Image: Smart Farming sicher machenSmart Farming – Die digitale Landwirtschaft der Zukunft | Scharfsinn86
TrendDie Zukunft der Landwirtschaft ist digital

Smart Farming sicher machen

Lesezeit ca.: 3 Minuten
Monique Opetz

Monique Opetz

Freie Journalistin

Sensoren für exaktes Düngen, Roboter zum Wässern, Unkrauter­ken­nung per Deep Learning – in der Landwirt­schaft werden immer mehr Prozesse automati­siert und digitali­siert. Die zentrale Herausfor­de­rung dabei: eine Schnittstelle für den sicheren Datenaus­tausch sämtlicher Akteure.

03. März 2020

Ein Kasten auf vier Rädern, etwas größer als eine Schubkarre, soll zukünftig die Arbeit auf den Feldern übernehmen. „Contadino“ heißt der Agrarroboter der Firma Continental, der säen, düngen, Unkraut- und Schädlinge bekämpfen kann; allein oder im Team. Der autonome Helfer ist einer von vielen, den es auf der weltgrößten agrartech­ni­schen Fachmesse Agritech­nica Ende 2019 in Hannover zu bestaunen gab. 

KI erkennt Unkraut

Die Feldroboter navigieren eigenständig durch Pflanzen­reihen und erkennen Unkraut, um es per Elektroschock oder mit rotierenden Messern zu zerstören. Möglich ist das mithilfe von Deep Learning, zahlreichen Sensoren und Kameras, die Unkraut von Nutzpflanzen anhand von Farbe, Struktur und anderen Merkmalen unterscheiden lernen.

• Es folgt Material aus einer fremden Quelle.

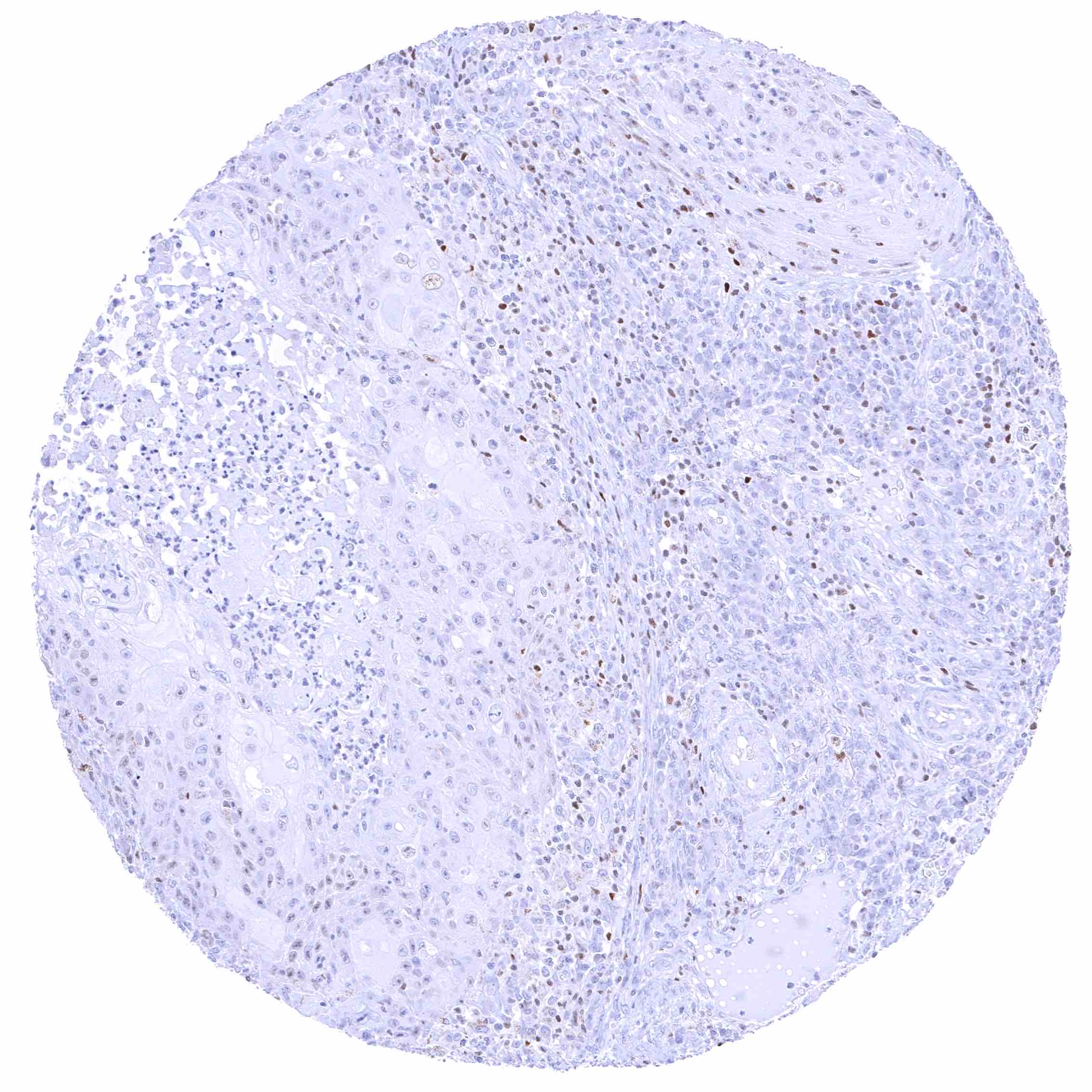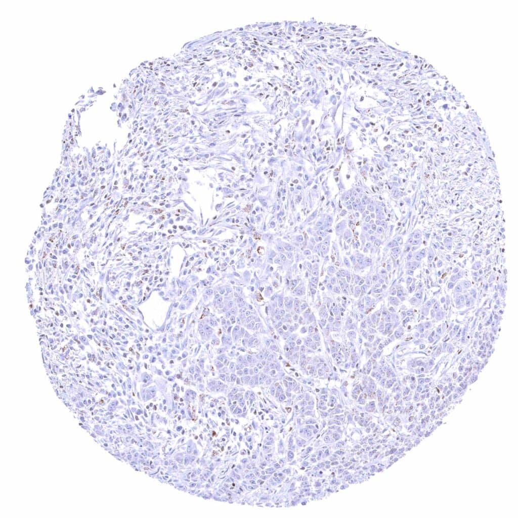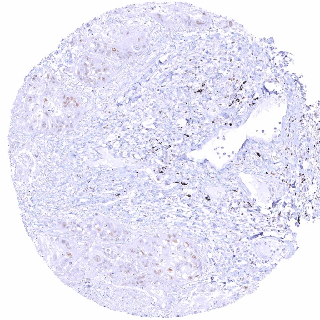 Lung – Squamous cell carcinoma with weak nuclear GATA3 staining of few tumor cells.

Navigati­ons­sa­tel­li­ten­sys­teme wie GPS helfen vorgegebene Positionen anzusteuern, etwa um Schädlinge zu bekämpfen. „Die Digitali­sie­rung in der Landwirt­schaft hilft dabei, Informationen leichter verfügbar zu machen und damit eine neue Ebene der Genauigkeit zu erreichen“, erklärt Ralf Kalmar, Business Area Manager und Ansprech­partner für Smart Farming vom Fraunhofer-Institut für Experimen­telles Software Engineering IESE. Im Gegensatz zu früher sei es möglich, mit den entsprechenden Daten teilflächen­spe­zi­fisch arbeiten zu können. „Das heißt, Düngemittel werden nur dort ausgebracht, wo das Feld betroffen ist. Das spart Kosten und ermöglicht eine höhere Produkti­vi­tät“, betont er.

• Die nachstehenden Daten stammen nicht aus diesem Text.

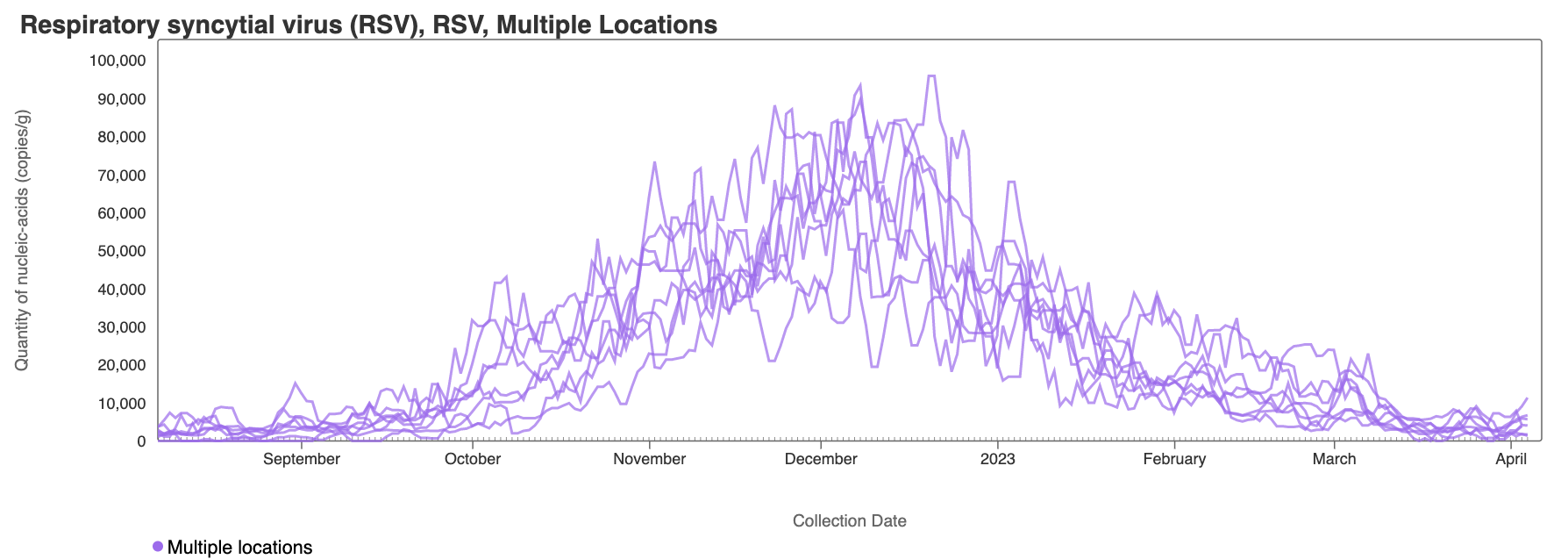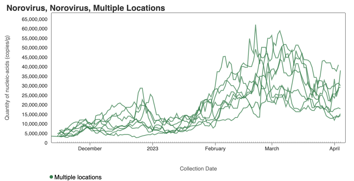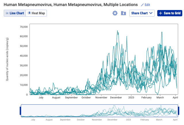 RSV RNA has been non-detectable in some samples from some plants over the last week with some low level detections. This plot shows data from all the SCAN sites together since August 2022 and can be access here. The number of individuals shedding RSV into the wastewater has decreased substantially.

Umweltfreund­li­ches Smart Farming 

Bei der mechanischen Unkrautbe­kämp­fung kann auf chemische Spritzmittel weitgehend verzichtet werden – flächende­ckendes Spritzen wird überflüssig. Einen enormen Vorteil verspricht die intelligente Landwirt­schaft: Produkti­ons­kosten werden reduziert und die Umweltbe­las­tung sinkt. Laut eines wissenschaft­li­chen Gutachtens des EU-Parlaments könnten dank digitaler Technolo­gien bis zu 80 Prozent Herbizide beim smarten Ackerbau eingespart werden. Hierbei spielen auch Drohnen eine entschei­dende Rolle. Diese kommen mittlerweile bei fast jedem zehnten Landwirt zum Einsatz, so eine repräsen­ta­tive Befragung des Deutschen Bauernver­bandes in Zusammen­ar­beit mit dem Digitalver­band Bitkom (2018). Die fliegenden Alleskönner sammeln mithilfe hochauflö­sender Kameras noch präzisere Daten als es mit Satelliten möglich ist. Sie analysieren Felder hinsicht­lich der Bodenqua­lität und informieren die Landwirte, wo beispiels­weise gewässert oder gedüngt werden muss.

Farm-Management-Systeme 

Neben Agrarrobo­tern, Drohnen und GPS-gesteuerten Traktoren mit Infrarot-Sensoren, waren auch vernetzte Farm-Management-Plattformen hoch im Kurs auf der Agritech­nica. Basis für eine smarte Landwirt­schaft sind Daten-Schnittstellen und Plattform-Lösungen, die sämtliche Komponenten verbinden und einen sicheren Umgang mit den Daten gewährleisten. Die Crux: Farm-Management-Systeme integrieren bisher oftmals nur einzelne Komponenten, wie beispiels­weise mit Sensoren ausgestat­tete Landmaschinen zur automati­schen Navigation. Unterschied­liche Geräte und Komponenten wirtschaft­lich sinnvoll und sicher zu vernetzen, funktioniert indes noch nicht. 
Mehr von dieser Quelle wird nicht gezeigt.